09 January 2004

Brrrrrrrrrrrr.... The Discontent Of Our Winter, or
      Baby, It's F*$king Cold Outside!

      After what seemed a surprisingly mild introduction, winter has now set in with a vengeance. No, none of the pretty brown snow so typical of southern Ontario, but instead we've been assaulted with the skin-tightening chill that has, with midday near, temperatures in the -20C range, with a windchill factor that makes the temperature something more akin to -31 to -35C. (Of course this happens after I've abandoned my swarthy Celtic look; it makes me think there was something to the Samson story after all.) It is, as they say, colder than a Thatcher's teat out there, even if, thankfully, it's not as incapacitatingly frigid as it now is in Northern Ontario, Northern Quebec, and New Broomstick.

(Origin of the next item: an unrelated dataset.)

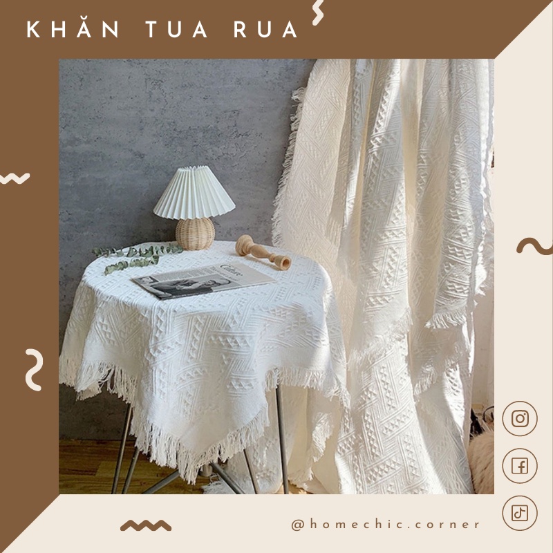 Nhà cửa & Đời sống > Trang trí nhà cửa > Khăn trải bàn || Khăn trải bàn viền tua rua, thảm picnic, chăn ghế sofa phong cách retro | HOME CHIC CORNERCòn hàng

Last night, the temperature fell to about -27C, combined with an ear-splintering windchill that made the temperature seem more like -40C. Worse, it seems it'll be like this for at least the rest of the weekend. I really hope all of the local alley cats are managing to find some sort of shelter from this deep freeze.

      As I write this, I'm reminded all too well of a report a few years ago that said that of the world capitals, Ottawa was the second coldest national capital in the world, on average warmer only than Ulan Bator in Mongolia. No wonder we Canadians spend so much time dithering and doddering about the weather, and asking mock-stoical questions like "Cold enough for ya?" whenever we're gathered at bus stops or coffee shops. Most parts of Canada are known for their schizophrenic temperatures, ranging from blistering cold in the deeps of winter to the thick, sweat-inducing humidity of summer, and I sometimes wonder if that's part of the sustained Canadian provinciality; restraint and self-ensconcement seems to be the necessary order of the day when one doesn't really know what the weather will be like from day to day. At least we're not usually treated to the more histrionic weather conditions-- typhoons, hurricanes, tornadoes, and so forth-- that most other parts of the world know all too intimately. Or, perhaps, those typhoons, hurricanes and tornadoes may just find Canada too damned cold in which to crack their vacationing cheeks. When the weather's like this, my rib cage feels like a set of Venetian blinds fluttering spasmatically about in a blizzard. Oh, for more temperate climes. Oh, how I long to establish the Doctor J School For Literary Studies at Barbados.... Sounds like a noble intellectual project, n'est-ce pas? Feel free to send your donations to Doctor J courtesy of....

This cold night will turn us all to fools and madmen.